> [PROMPT]
Look for the string "Front" in the material below. Copy every line where you find it.

> [RECORDS PROVIDED]
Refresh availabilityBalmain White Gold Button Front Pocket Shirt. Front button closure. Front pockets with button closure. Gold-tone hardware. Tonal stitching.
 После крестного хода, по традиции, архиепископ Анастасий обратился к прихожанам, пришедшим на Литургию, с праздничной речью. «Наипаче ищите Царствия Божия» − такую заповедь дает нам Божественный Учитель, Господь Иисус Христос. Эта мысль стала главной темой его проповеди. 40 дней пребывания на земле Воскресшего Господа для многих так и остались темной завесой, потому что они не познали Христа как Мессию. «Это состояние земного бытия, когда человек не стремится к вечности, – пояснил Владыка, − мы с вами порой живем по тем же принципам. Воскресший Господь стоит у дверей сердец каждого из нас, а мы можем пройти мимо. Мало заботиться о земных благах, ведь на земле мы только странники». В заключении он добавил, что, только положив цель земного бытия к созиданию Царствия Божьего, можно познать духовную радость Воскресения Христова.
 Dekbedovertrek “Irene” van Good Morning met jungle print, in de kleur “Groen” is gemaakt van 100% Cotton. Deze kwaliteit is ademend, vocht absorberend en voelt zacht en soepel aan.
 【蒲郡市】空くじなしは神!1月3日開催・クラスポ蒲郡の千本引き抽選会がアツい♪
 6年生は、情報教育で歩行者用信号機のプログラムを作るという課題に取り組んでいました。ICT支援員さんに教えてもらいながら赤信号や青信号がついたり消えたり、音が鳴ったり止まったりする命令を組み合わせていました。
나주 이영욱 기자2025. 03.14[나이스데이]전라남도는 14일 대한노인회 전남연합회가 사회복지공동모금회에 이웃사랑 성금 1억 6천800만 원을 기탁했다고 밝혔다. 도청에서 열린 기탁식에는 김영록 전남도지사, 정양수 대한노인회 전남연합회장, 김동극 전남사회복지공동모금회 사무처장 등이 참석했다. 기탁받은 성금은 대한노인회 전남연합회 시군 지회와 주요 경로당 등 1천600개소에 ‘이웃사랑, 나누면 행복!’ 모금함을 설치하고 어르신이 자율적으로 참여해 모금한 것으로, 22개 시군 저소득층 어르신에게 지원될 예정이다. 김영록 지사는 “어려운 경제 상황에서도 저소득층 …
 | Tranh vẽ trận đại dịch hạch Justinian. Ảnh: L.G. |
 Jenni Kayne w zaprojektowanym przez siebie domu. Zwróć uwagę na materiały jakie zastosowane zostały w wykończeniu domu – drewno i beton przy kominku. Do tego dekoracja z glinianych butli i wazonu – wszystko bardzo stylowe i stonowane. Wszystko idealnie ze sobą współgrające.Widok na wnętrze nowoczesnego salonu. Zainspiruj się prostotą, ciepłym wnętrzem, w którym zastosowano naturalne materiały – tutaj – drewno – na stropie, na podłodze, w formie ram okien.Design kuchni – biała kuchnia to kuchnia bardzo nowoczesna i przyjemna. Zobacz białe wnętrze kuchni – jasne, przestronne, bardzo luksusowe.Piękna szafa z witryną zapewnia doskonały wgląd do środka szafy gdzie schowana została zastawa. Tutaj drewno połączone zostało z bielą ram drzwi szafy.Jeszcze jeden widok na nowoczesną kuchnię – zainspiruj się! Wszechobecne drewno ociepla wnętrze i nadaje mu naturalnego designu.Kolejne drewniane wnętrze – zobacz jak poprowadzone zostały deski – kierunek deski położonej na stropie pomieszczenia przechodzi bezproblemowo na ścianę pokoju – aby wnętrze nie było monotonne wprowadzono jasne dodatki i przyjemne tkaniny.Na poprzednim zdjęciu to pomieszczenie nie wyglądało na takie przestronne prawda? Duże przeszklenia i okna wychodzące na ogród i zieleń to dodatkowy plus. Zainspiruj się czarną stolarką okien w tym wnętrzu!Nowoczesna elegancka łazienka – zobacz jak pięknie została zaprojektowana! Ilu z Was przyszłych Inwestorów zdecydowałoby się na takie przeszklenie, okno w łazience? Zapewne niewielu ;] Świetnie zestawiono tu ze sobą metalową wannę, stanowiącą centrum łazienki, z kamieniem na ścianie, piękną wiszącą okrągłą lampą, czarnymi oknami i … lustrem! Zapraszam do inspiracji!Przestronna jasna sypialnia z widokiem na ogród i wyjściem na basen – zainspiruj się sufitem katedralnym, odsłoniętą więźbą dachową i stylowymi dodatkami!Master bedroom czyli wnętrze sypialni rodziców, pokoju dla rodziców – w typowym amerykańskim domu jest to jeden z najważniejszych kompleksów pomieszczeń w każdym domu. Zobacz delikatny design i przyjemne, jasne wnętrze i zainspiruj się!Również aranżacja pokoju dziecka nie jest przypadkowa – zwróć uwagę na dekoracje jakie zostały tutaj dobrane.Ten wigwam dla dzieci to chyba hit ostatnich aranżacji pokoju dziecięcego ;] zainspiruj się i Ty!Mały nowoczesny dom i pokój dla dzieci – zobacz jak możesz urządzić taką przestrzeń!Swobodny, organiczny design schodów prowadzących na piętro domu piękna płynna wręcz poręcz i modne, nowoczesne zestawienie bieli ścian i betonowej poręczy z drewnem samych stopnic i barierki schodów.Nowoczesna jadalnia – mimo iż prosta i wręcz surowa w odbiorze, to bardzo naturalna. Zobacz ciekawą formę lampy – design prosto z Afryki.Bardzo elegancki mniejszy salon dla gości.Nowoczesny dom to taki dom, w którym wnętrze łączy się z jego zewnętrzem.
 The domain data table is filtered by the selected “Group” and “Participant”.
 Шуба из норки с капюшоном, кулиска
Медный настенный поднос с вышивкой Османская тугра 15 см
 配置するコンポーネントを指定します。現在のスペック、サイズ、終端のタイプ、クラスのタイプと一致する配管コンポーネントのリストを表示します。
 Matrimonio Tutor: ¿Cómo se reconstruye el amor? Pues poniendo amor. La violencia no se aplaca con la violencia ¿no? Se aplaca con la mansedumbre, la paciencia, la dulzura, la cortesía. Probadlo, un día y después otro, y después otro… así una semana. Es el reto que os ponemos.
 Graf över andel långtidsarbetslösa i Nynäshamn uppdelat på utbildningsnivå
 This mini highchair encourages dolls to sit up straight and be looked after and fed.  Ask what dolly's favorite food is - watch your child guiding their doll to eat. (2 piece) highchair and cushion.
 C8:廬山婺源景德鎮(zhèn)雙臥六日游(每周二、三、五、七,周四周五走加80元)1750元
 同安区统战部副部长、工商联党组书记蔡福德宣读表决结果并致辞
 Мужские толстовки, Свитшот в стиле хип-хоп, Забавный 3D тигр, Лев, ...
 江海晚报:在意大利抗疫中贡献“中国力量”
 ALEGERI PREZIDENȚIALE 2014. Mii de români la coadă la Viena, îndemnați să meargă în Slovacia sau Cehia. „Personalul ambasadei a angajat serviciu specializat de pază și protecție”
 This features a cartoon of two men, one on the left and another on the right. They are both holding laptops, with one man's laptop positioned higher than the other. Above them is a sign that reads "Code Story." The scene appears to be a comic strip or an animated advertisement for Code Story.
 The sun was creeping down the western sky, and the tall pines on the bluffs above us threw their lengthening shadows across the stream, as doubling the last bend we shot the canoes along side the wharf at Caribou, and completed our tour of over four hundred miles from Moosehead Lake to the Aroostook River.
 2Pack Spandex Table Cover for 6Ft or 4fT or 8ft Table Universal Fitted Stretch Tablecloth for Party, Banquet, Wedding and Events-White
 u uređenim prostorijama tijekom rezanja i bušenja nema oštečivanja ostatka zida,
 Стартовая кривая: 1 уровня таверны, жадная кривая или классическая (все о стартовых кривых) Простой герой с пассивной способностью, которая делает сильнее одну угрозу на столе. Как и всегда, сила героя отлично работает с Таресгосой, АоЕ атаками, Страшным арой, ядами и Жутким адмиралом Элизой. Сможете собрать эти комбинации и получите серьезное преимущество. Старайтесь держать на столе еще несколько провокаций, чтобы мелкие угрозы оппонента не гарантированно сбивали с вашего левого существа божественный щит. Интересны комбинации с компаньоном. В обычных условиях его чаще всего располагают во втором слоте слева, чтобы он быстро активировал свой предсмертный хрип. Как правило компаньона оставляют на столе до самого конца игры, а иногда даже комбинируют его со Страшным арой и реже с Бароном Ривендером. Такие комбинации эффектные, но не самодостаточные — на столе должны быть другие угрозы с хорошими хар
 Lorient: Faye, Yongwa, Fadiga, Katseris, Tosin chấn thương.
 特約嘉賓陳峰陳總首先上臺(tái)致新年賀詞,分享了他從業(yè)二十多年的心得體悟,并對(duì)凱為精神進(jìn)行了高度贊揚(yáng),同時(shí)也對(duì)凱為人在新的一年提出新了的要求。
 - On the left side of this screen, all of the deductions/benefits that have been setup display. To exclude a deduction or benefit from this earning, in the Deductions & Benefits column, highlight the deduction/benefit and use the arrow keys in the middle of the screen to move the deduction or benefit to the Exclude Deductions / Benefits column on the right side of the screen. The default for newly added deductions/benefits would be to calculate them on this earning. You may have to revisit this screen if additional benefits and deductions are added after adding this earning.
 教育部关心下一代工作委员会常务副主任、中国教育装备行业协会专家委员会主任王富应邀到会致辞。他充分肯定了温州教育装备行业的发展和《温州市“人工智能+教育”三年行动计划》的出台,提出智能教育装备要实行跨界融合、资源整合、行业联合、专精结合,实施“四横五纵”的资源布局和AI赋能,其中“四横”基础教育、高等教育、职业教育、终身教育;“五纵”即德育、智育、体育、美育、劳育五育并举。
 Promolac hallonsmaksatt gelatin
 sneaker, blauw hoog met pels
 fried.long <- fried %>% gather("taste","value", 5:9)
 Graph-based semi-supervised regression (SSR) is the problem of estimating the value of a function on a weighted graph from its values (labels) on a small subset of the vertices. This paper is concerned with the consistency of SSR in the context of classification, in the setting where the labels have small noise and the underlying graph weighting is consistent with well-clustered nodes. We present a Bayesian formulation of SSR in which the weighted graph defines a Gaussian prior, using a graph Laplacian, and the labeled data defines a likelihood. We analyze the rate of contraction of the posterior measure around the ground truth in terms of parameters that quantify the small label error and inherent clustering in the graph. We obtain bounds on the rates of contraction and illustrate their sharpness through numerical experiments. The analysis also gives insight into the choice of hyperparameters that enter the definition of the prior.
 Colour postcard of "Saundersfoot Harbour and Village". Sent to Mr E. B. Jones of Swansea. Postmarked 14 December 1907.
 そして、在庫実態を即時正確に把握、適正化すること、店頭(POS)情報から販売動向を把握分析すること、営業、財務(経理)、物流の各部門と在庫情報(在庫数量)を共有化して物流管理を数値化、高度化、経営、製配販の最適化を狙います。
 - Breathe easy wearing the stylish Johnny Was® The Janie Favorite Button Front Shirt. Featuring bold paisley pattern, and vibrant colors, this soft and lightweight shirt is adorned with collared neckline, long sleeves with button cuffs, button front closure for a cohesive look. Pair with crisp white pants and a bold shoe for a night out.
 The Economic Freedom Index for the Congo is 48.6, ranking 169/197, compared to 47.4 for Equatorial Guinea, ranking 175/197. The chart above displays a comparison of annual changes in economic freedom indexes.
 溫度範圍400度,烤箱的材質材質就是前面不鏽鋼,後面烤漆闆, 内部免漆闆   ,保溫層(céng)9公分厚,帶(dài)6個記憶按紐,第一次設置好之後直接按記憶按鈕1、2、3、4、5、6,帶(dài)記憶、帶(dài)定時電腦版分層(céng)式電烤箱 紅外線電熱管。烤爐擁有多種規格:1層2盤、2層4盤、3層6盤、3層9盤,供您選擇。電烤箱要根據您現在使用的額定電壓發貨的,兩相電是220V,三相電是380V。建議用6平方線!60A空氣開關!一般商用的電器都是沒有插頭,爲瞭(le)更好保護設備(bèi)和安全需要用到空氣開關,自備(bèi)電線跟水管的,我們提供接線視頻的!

> [RESULT]
Refresh availabilityBalmain White Gold Button Front Pocket Shirt. Front button closure. Front pockets with button closure. Gold-tone hardware. Tonal stitching.
 - Breathe easy wearing the stylish Johnny Was® The Janie Favorite Button Front Shirt. Featuring bold paisley pattern, and vibrant colors, this soft and lightweight shirt is adorned with collared neckline, long sleeves with button cuffs, button front closure for a cohesive look. Pair with crisp white pants and a bold shoe for a night out.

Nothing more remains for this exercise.